%%
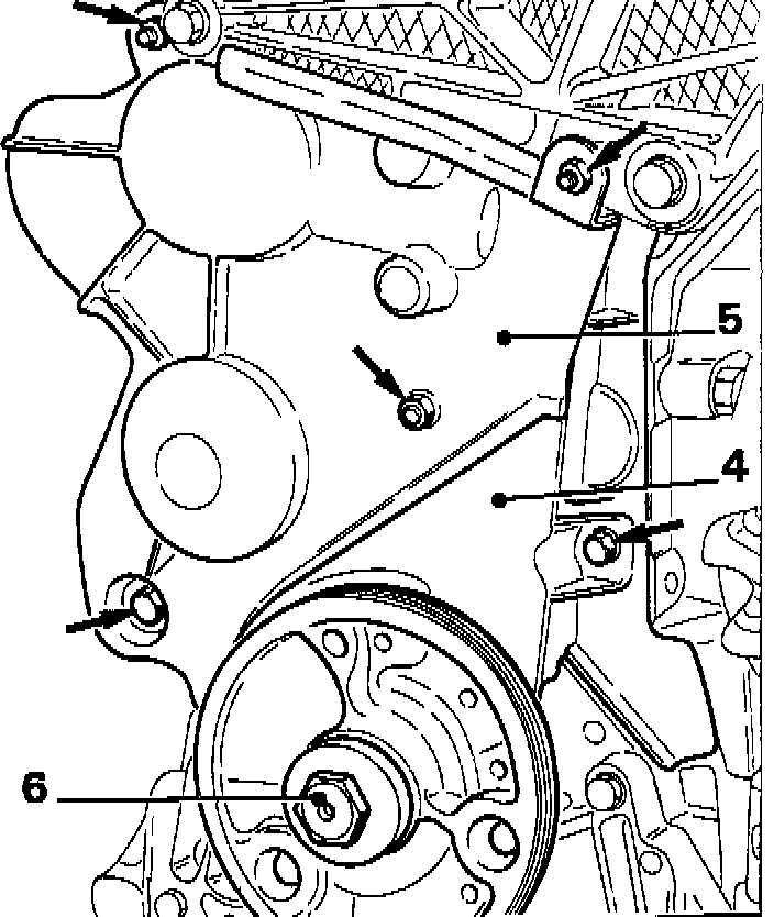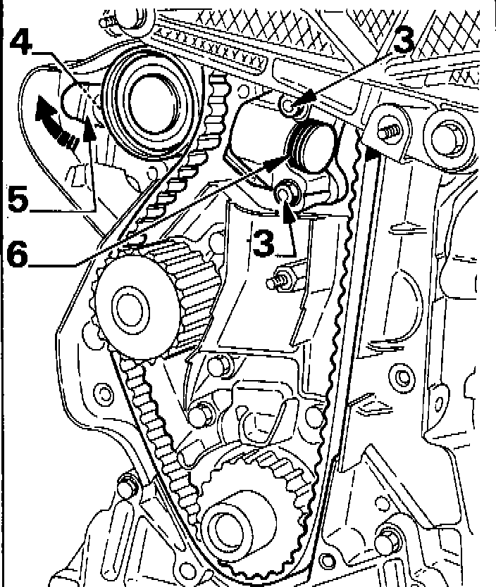 10. Turn tensioner (5) (6 mm square) and position it in such a way that spring (6) is compressed to its maximum (cam in horizontal position)
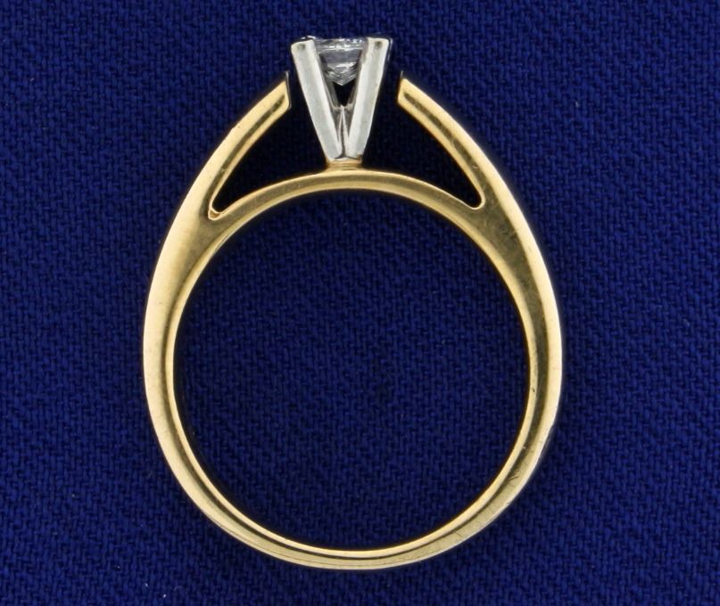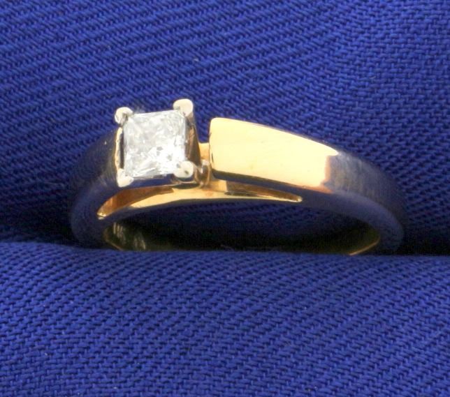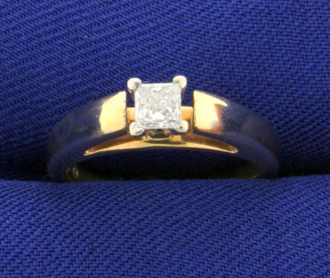 In 14k yellow and white gold. The high quality princess cut diamond is 0.25 carats (1/4 carat) with SI clarity and G color. High "shoulder" ring is a great style. Size 5. 4.6g
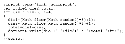 तारीफ़ के लिए शुक्रिया। वह प्रोग्राम जावास्क्रिप्ट में लिखा गया था। एक यादृच्छिक संख्या निकालना एक साधारण एक-पंक्ति कमांड है। Math.random() 0 और 1 के बीच एक यादृच्छिक दशमलव मान लौटाएगा। यहाँ 25 पासे फेंकने की संख्या उत्पन्न करने का एक सरल प्रोग्राम दिया गया है। अगर आप इस पेज को रीफ़्रेश करेंगे, तो आपको हर बार अलग-अलग परिणाम मिलेंगे।
%%
| TASK DIRECTIONS |
Could you transcribe exactly the lines from the one with "In 14k yellow" through the end of the data, both ends included, and nothing else, skipping the pictures?

| ANSWER TO THIS EXERCISE |
 In 14k yellow and white gold. The high quality princess cut diamond is 0.25 carats (1/4 carat) with SI clarity and G color. High "shoulder" ring is a great style. Size 5. 4.6g
 तारीफ़ के लिए शुक्रिया। वह प्रोग्राम जावास्क्रिप्ट में लिखा गया था। एक यादृच्छिक संख्या निकालना एक साधारण एक-पंक्ति कमांड है। Math.random() 0 और 1 के बीच एक यादृच्छिक दशमलव मान लौटाएगा। यहाँ 25 पासे फेंकने की संख्या उत्पन्न करने का एक सरल प्रोग्राम दिया गया है। अगर आप इस पेज को रीफ़्रेश करेंगे, तो आपको हर बार अलग-अलग परिणाम मिलेंगे।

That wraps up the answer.